А когда все замолчали, вдруг заговорила:
– Теперь Рождество. И вспоминается мне золотое детство, и вспоминается мне то самое веселое и милое в моем детстве Рождество – когда у папы отнялись ноги и язык.
– У кого? – удивленно спросили все.
– У папы.
– У вашего?!
– Не у римского же. Конечно, у моего.
– Ну, это гадость!
– Что?
– Говорить так об отце. Если бы даже он был тиран, зверь, и то нельзя так говорить о родном отце!..
– Он не был ни тираном, ни зверем.
– В таком случае вы были скверной девчонкой?
– А вот я вам расскажу о своем отце, тогда и судите.
* * *
В будние дни отец все время был на службе и домой являлся только вечером, усталый, думающий лишь о постели.
Но перед праздниками, дня за два до Рождества, занятия у них прекращались, и отец являлся домой часов в двенадцать дня – до 28 декабря.
Надевал халат и принимался бродить по всем комнатам.

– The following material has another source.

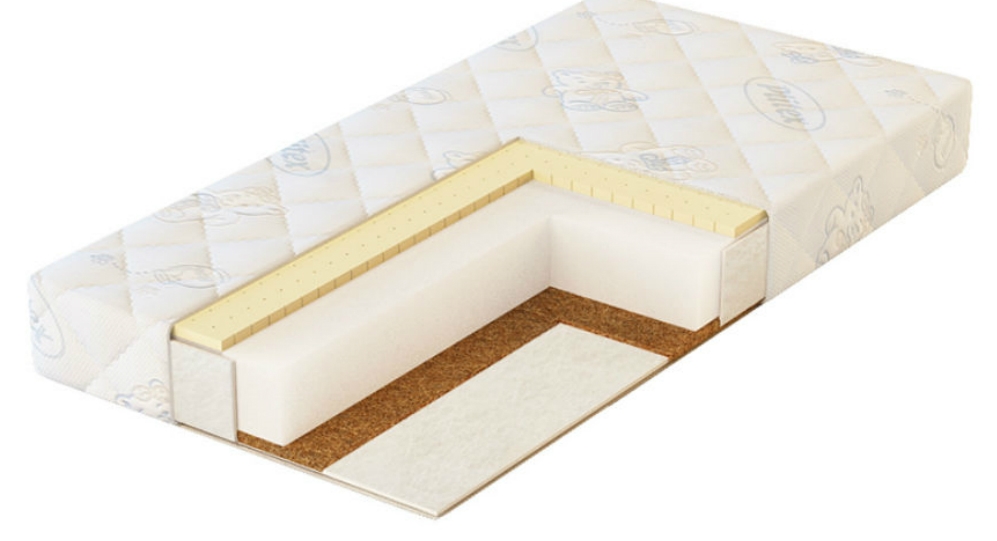 - "Junior" - springless mattress for newborns. Basis: the five-layer latexed coconut coir. This is an exceptionally natural product, well breathable, anti-allergenic, non-deformable. The series includes 6 models of mattresses with different thicknesses. For example, the model “Plitex Junior” has dimensions 139x70 with a height of 6 cm. All models have removable covers.

– Мариша! – вдруг раздавался его тонкий не по росту и сложению голос. – Почему это тут в углу валяется бумажка?!
– Не знаю, барин…
– Ах так-с. Вы не знаете? Интересно, кто же должен знать? На чьей это обязанности лежит: градского головы, брандмейстера или мещанского старосты? Значит, я должен убрать эту бумажку, да? Я у вас служу, да? Вы платите мне жалованье?
– Поехал, – слышался из другой комнаты голос старшей сестры.
До чуткого слуха отца долетало это слово.
– Ах, по-вашему, я «поехал», – бросался он в ту комнату, где сестра переписывала ноты. – Так-с. Это вы говорите отцу вашему или водовозу Никите? Тебя кто кормит, кто поит, кто обувает? Принц монакский, градской голова или брандмейстер? Ты что думаешь, что если учишься музыке, так выше всех? Отца можешь с грязью смешивать?
Из дверей выглядывала мать.
– Ну что ты пристал к девушке? Ей нужно к концерту готовиться, а ты жилы из нее выматываешь.
– Так-с. Мерси. Удостоился от супруги приветствия. Хм! Концерт… Что это еще за такие концерты-манцерты – кому это нужно? Выйдет такая вот орясина и начнет глотку драть – и чего, и что, спрашивается? Дома лучше нужно сидеть, чем хвосты трепать…
Он плотно усаживался на стул, показывая всем своим видом, что осенний дождик зарядил надолго, и продолжал:
– Воображаю, что это там за концерты такие хромоногие. Придут полтора дурака, скучно, холодно… И чего, и что, спрашивается?.. Сидела бы ты дома и не рыпалась!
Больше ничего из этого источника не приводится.